Packender hätte das Finish im Finale über 1500 m Freistil bei den Europameisterschaften in Glasgow kaum sein können: Nach rund 800 Metern setzte sich der Magdeburger von seinen Begleitern Mykhaylo Romanchuk (Ukraine) und Gregorio Paltrinieri (Italien) ein wenig ab. Für den gesundheitlich angeschlagenen Paltrinieri war der Zug damit abgefahren, Romanchuk aber kam nochmals zurück, schloss wieder bis auf wenige Zehntelsekunden zu Wellbrock auf, doch der zündete nochmals den Turbo und schwamm in sensationellen 14:36,15 Minuten zu Gold.

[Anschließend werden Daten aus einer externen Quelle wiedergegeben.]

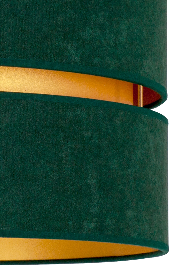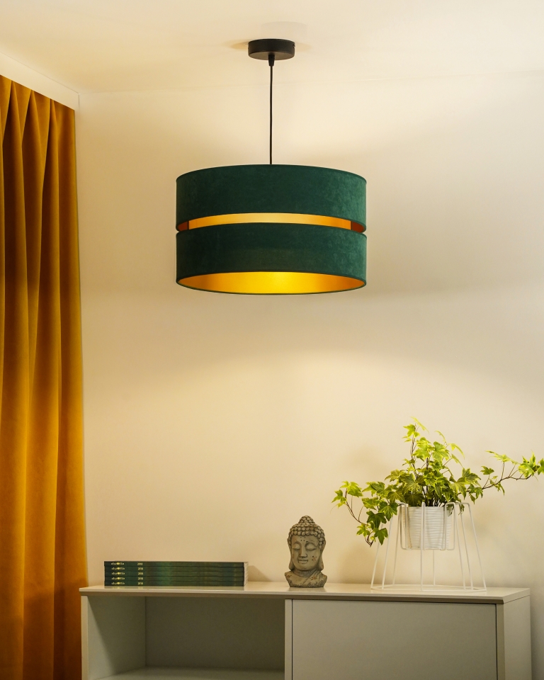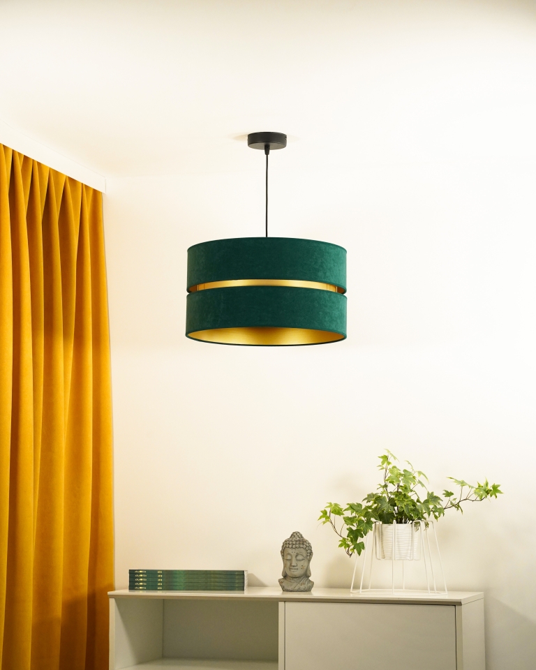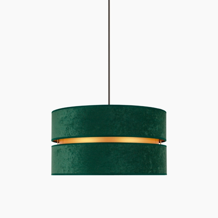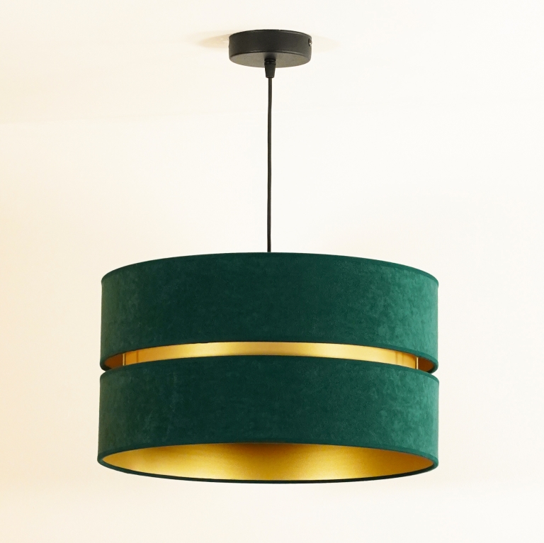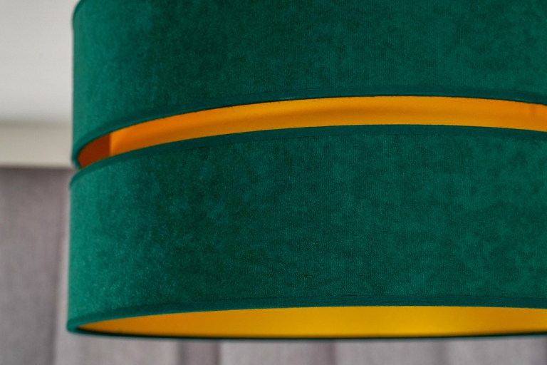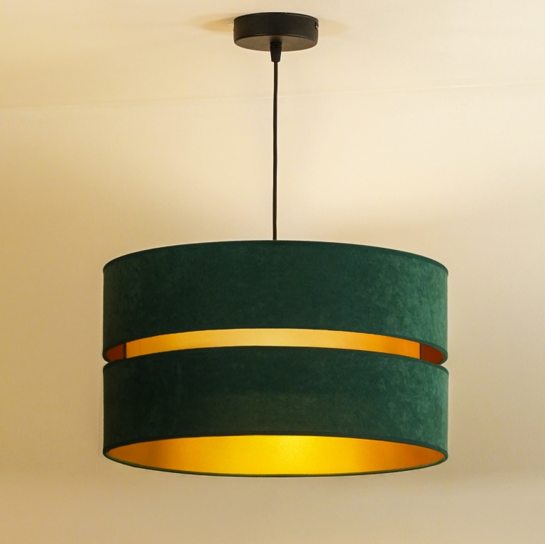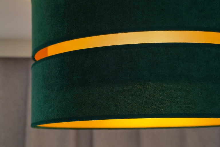 Butelkowa zieleń, która króluje w abażurze tej lampy to absolutny hit. Można ją spotkać coraz częściej w magazynach wnętrzarskich, gdzie jako kolor gra główną rolę w wielu aranżacjach. Jest modna, stylowa i jednocześnie elegancka. Jej prestiż zdecydowanie podkreśla piękne, metaliczne złoto wewnątrz abażuru.

Damit verbesserte er seinen eigenen Deutschen Rekord nochmals um 4,54 Sekunden.  

„Es ist einfach nur großartig. Ich wusste, dass es ein richtig schnelles Rennen wird und habe gezeigt, dass ich hinten raus der schnellste bin. Ich habe zwischendurch geguckt, ob einer der Jungs eine Attacke machen würde. Das war nicht der Fall, dann habe ich es gemacht“, so Wellbrock nach seinem Gold-Coup.  

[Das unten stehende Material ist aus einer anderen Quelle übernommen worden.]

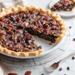 Keywords: Chocolate Bourbon Pecan Pie, holiday pie, pecan pie with chocolate, bourbon pecan pie, homemade pecan pie crust, classic pecan pie, festive desserts
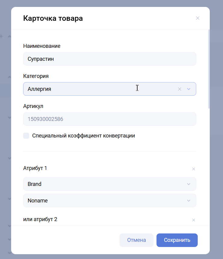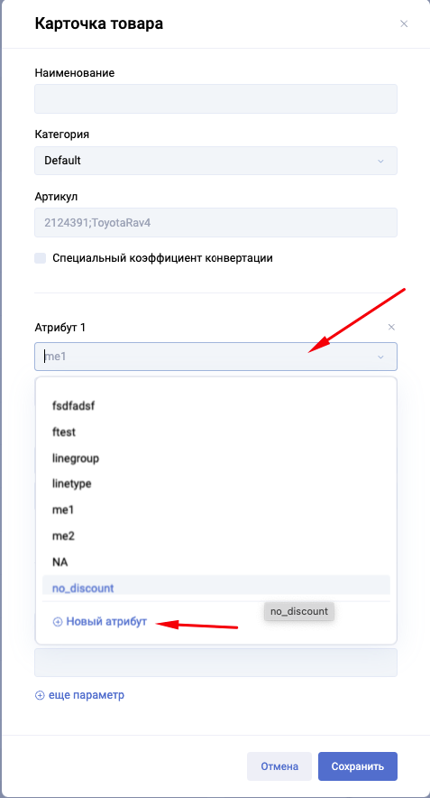 Атрибуты товара
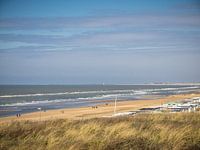 het strand van zandvoort aan aan zee, met huisjes, met mensen die op het strand lopen
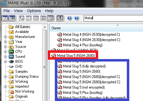 下画像の赤枠が「原作ROM」、青枠が「クローンROM」です。※例:Metal Slug 5
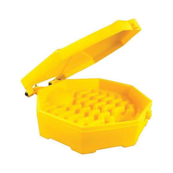UltraTech 0499 Ultra-Global Funnel Open-Design Funnel With Hinged Cover, For Use With 55 gal Tight Head Steel/Poly Drum and 3/4 in Bung, Polyethylene, Yellow

Pech hatte indes die 4x200-m-Freistilstaffel der Männer: In 7:09,31 Minuten belegten Damian Wierling (Essen), Henning Mühlleitner (Neckarsulm), Poul Zellmann (Essen) und Jacob Heidtmann (Elmshorn) am Ende den undankbaren vierten Platz. „Wir wollten die Medaille, deshalb sind wir hier angetreten“, so Schlussschwimmer Heidtmann, der ein weiteres Mal über sich hinauswuchs und seine Zeit nochmals auf 1:45,94 Minuten verbesserte. Wierling hatte die Staffel in 1:48,86 Minuten ins Rennen gebracht, Mühlleitner ließ eine 1:46,94 Minuten folgen, Zellmann als Dritter eine 1:47,57 Minuten.  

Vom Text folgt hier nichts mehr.